3. Methods and Approaches to Predict the Effects of Mutations

Current efforts in this field are aimed at predicting the deleterious mutations since such predictions can be used for diagnostics and drug design. The features used to make such predictions can be classified into three categories: (a) amino acids properties, such as size, side chain polarity, side chain flexibility, and its ability to form a hydrogen bond and other geometrical considerations; (b) 3D protein structural properties such as protein stability, affinity of receptor-ligand complex, and structural flexibility; (c) evolutionary properties like sequence conservation and phylogenetic trees. It is almost impossible to review these approaches one by one since most of the current methodology is using a combination of these features [27]. Table 1 shows several examples for application of molecular modeling methods, free of charge for academia, to study the molecular mechanisms of missense mutations affecting wild-type properties of proteins. Comparison of their performance is provided in references [65, 107]. In the following paragraphs, we explain in detail some of the available resources.

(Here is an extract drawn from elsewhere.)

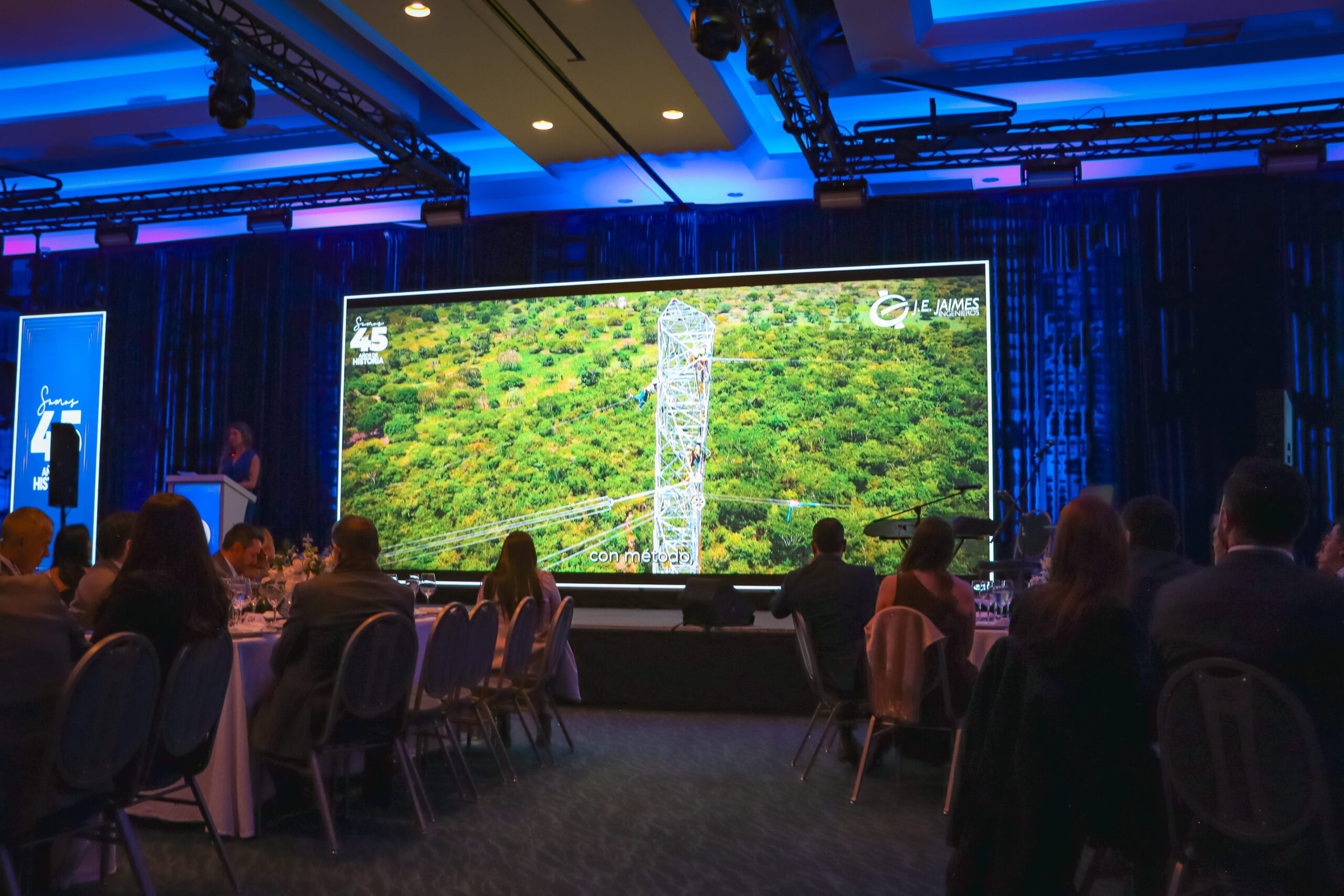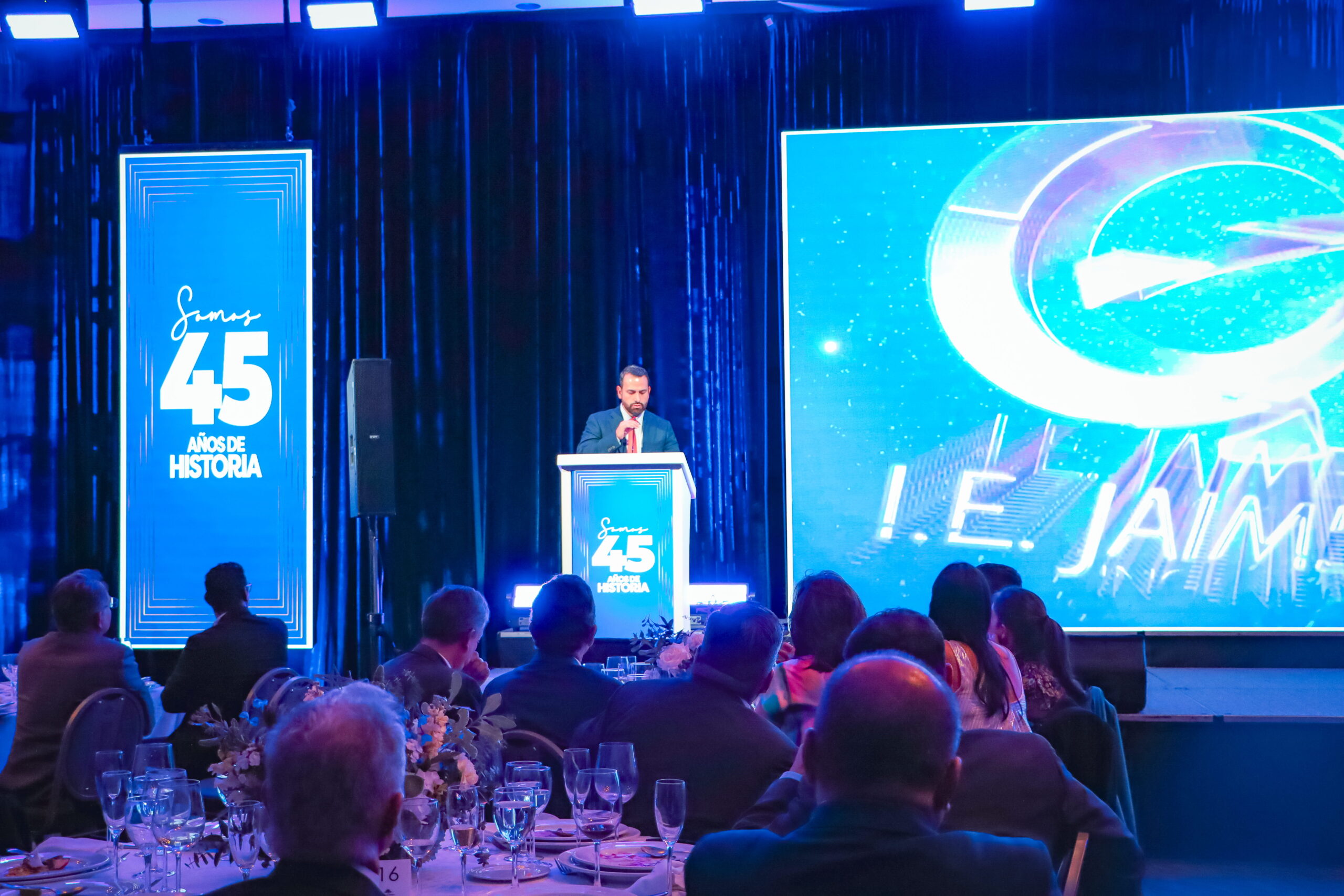 A través de 45 años de actividad como ejecutores de proyectos a nivel nacional e internacional, hemos tenido la oportunidad de prosperar y crecer al lado de quienes confían en nuestra gestión integral. Para enmarcar esta historia, la celebración inició con uno de los momentos más emotivos de la noche: la intervención de nuestro Gerente General, Enrique Jaimes, quien compartió un video conmemorativo que rinde sentido homenaje a nuestro extenso recorrido institucional.

It is essential to identify the most informative features among the features mentioned above for making successful predictions. Such a necessity inspired several works among which a recent study evaluating 32 features using their mutual information together with the functional effects of the amino acid substitutions, as measured by in vivo assays. Sequentially, a greedy algorithm was performed to identify a subset of highly informative features [108]. Finally, it was concluded that two features describing the solvent accessibility of  “wild-type” and “mutant” amino-acid residues and another feature of evolutionary properties based on superfamily-level multiple alignments produce the best accuracy [109]. Another investigation developed a formalism and a computational method based on a structural model and phylogenetic information to indicate the effects of amino acid substitution on protein functions. With such a protocol, approximately 26%–32% of naturally occurring missense mutations were predicted to affect the protein functions [110].

The amino acid properties are often considered an important characteristic, which could play a crucial role in protein folding, stability, interaction of protein-protein complexes, and protein function, although sometimes they may be misleading [11]. The side chain properties such as volume, polarity, acidity, basicity, conformational flexibility and the ability to form a hydrogen-bond and salt bridge, are distinguishable. Therefore, the compatibility of a substitution at the dominant allele could be used to make the prediction as it was done in a recent study [111], which combined amino acid properties and structural information to identify deleterious mutations by analyzing the effects on protein stability.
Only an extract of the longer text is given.